Pero este movimiento vertical hacia la unión con Dios y hacia la perfección de sí mismo no es el único movimiento comprendido en el dinamismo interno de la vida humana. El segundo, el movimiento horizontal, concierne a la evolución de la humanidad, y progresivamente revela la substancia y las fuerzas creadoras del hombre en la historia. El movimiento horizontal de la civilización, cuando tiende a sus auténticos fines temporales ayuda y fomenta el movimiento vertical de las almas.
El hombre del humanismo cristiano aprecia la libertad como algo de que hay que ser merecedor; comprende la igualdad esencial que hay entre él y los otros hombres y la manifiesta en el respeto y en la fraternidad; y ve en la justicia la fuerza de conservación de la comunidad política y el requisito previo que , hace posible que nazca la fraternidad cívica; se da cuenta tanto de la tremenda prueba a que el advenimiento del maquinismo somete a la historia humana, como del maravilloso poder de liberación que el maquinismo ofrece al hombre, si el brutal instinto de dominar no aprovecha las técnicas del maquinismo y de la ciencia misma, para reducir a esclavitud a la humanidad, y si la razón y la sabiduría son lo suficientemente fuertes como para poner esas técnicas al servicio de aspiraciones verdaderamente humanas y aplicarles las normas de la vida humana. (Jacques Maritain: Humanismo Cristiano)
Para Maritain su antropología se basa en el continuo movimiento del hombre y en su “dinamismo interno”. Entendidos éstos cómo fuerzas vitales del hombre que lo conducen hacia el progreso de la humanidad en su conjunto.

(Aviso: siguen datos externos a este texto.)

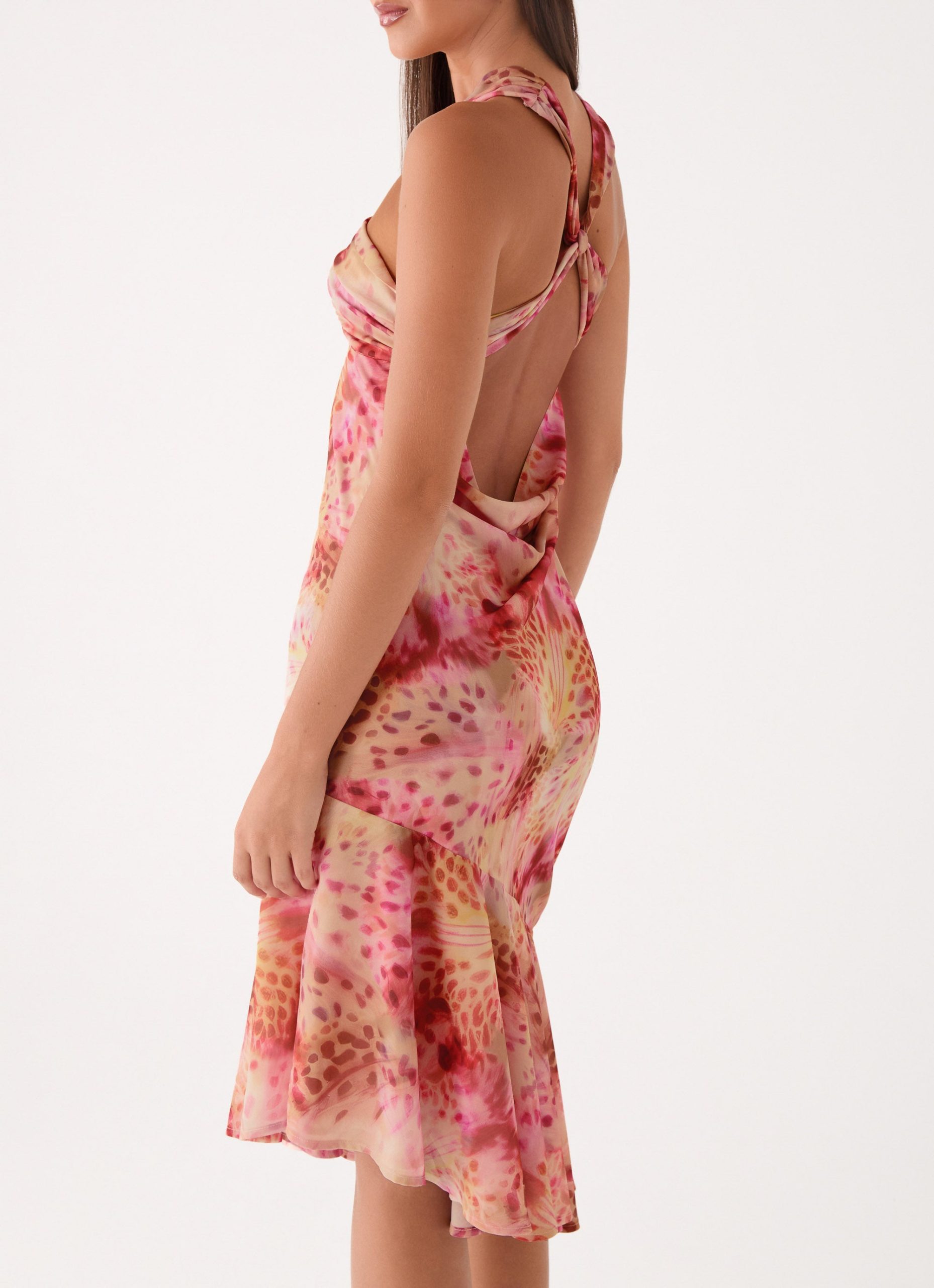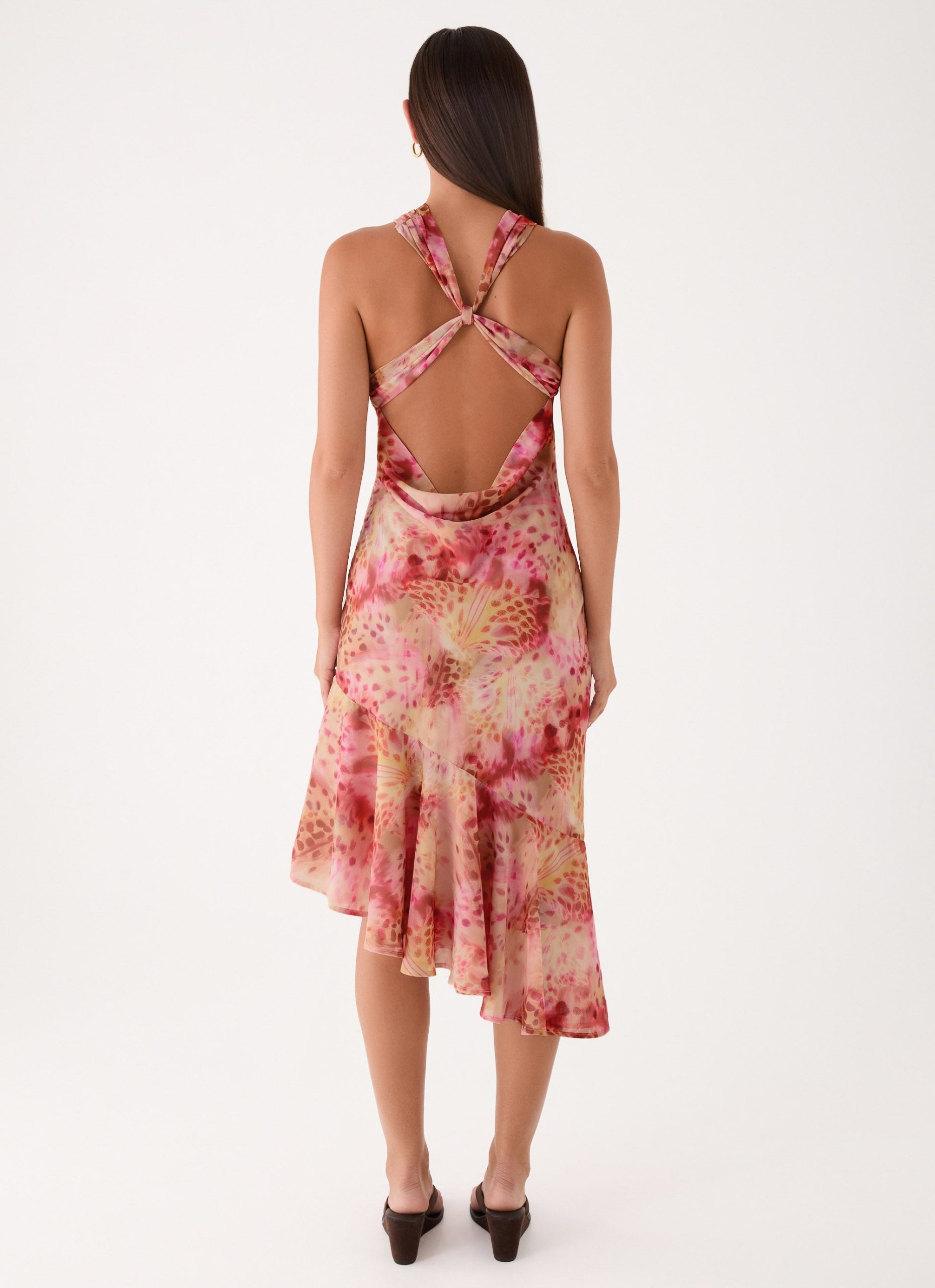 The Sinnie Midi Dress features an elegant fixed knot detail at the bust and a modern asymmetric hem. Crafted from delicate bias-cut chiffon in an exclusive print. this fully lined silhouette offers a fluid. flattering drape that moves with you.

Para él el mero hecho de “moverse hacia” ya es un progreso. Un progreso que por su propia fuerza es capaz de elevar al hombre en ese sentido vertical, o sea espiritual. Humanismo cristiano, nueva Cristiandad, humanismo integral… son conceptos que al fin y al cabo se insertan dentro de la herejía modernista, puesto que tienden a borrar toda noción del pecado y de naturaleza herida por éste (y con ellos la doctrina de la gracia) y que significan una nueva civilización fraterna, incluso llamada Cristiandad, a la que el hombre se encamina. No obstante los encontramos bajo unos parámetros laicos y universalistas contemplados desde un humanismo secular y poco cristiano.

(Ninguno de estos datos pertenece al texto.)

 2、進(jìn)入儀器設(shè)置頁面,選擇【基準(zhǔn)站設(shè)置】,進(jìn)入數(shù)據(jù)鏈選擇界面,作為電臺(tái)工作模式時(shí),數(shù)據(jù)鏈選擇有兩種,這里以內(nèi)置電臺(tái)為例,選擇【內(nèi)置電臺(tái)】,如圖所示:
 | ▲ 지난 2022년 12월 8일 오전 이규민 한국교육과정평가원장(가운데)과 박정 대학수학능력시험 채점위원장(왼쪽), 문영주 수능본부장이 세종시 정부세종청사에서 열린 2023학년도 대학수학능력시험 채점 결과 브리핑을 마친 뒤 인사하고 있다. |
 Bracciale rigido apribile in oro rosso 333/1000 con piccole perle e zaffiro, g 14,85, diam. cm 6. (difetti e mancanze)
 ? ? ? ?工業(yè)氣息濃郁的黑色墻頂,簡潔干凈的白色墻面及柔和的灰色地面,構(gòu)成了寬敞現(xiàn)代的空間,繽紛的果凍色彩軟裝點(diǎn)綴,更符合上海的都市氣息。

“Creyentes y no creyentes están generalmente de acuerdo en este punto: todos los bienes de la tierra deben ordenarse en función del hombre, centro y cima de todos ellos” (Gaudium et Spes, 12)
Esta afirmación se enmarca dentro del optimismo humanista del Concilio, sustituyendo a Dios por el hombre como regulador del mundo. En este sentido cuando el hombre sustituye a Dios y reconoce una especie de fin antropocéntrico dentro del Universo es cuando la moral se trastorna pues es el hombre quien la regula y no Dios. Del mismo modo que sólo esta primacía del hombre puede dar lugar a una preponderancia de la técnica (¿La técnica maquinista de Maritain?), pues el hombre como fin en sí mismo sólo puede tener el deber y el derecho de dominar la realidad terrenal, abandonando lo espiritual.

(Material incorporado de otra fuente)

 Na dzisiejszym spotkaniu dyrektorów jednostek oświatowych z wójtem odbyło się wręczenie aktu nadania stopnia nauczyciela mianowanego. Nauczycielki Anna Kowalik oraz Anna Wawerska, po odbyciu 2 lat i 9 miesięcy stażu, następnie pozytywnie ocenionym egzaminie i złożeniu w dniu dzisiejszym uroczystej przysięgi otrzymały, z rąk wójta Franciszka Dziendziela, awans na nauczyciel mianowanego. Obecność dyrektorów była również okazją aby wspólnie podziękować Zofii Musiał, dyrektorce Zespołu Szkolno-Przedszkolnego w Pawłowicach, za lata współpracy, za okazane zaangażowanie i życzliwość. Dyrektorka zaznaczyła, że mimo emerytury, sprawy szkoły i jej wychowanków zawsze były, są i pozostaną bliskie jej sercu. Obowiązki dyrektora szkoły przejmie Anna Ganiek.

Por otro lado y de forma un tanto cándida, la afirmación de que tanto creyentes como no creyentes coinciden en que el mundo está ordenado al hombre se aproxima más a un postulado del decálogo humanista para fundamentar esa igualdad y dignidad común del género humano, que estar basada en un análisis riguroso ya que las filosofías pesimistas y mecanicistas aborrecen dicha visión antropocéntrica y niegan incluso cualquier fin teleológico.2
“Es preciso afirmar al hombre por sí mismo y no por ningún otro motivo o razón: únicamente por sí mismo. Más aún, es preciso amar al hombre porque es hombre, es preciso reivindicar el amor por el hombre en razón de la dignidad particular que posee.” (Juan Pablo II: Discurso a la UNESCO el 2 de junio de 1980)
Una vez asumida la filosofía antropocéntrica ésta viene a configurar una nueva religiosidad. Armonizar esto con la doctrina católica es llanamente imposible. La idea del hombre digno por sí mismo de amor se hace patente cuando del orden de la Creación se ha expulsado toda dependencia y se cree de este modo autónomo. En este orden de cosas pues, “todas las fórmulas de los actos de caridad frecuentados por el pueblo cristiano hasta el Vaticano II suponen que Dios debe ser amado por sí mismo y en grado sumo, y el prójimo por amor a Dios.3 Por ello es imposible amar al hombre por sí mismo, de forma separada de Dios.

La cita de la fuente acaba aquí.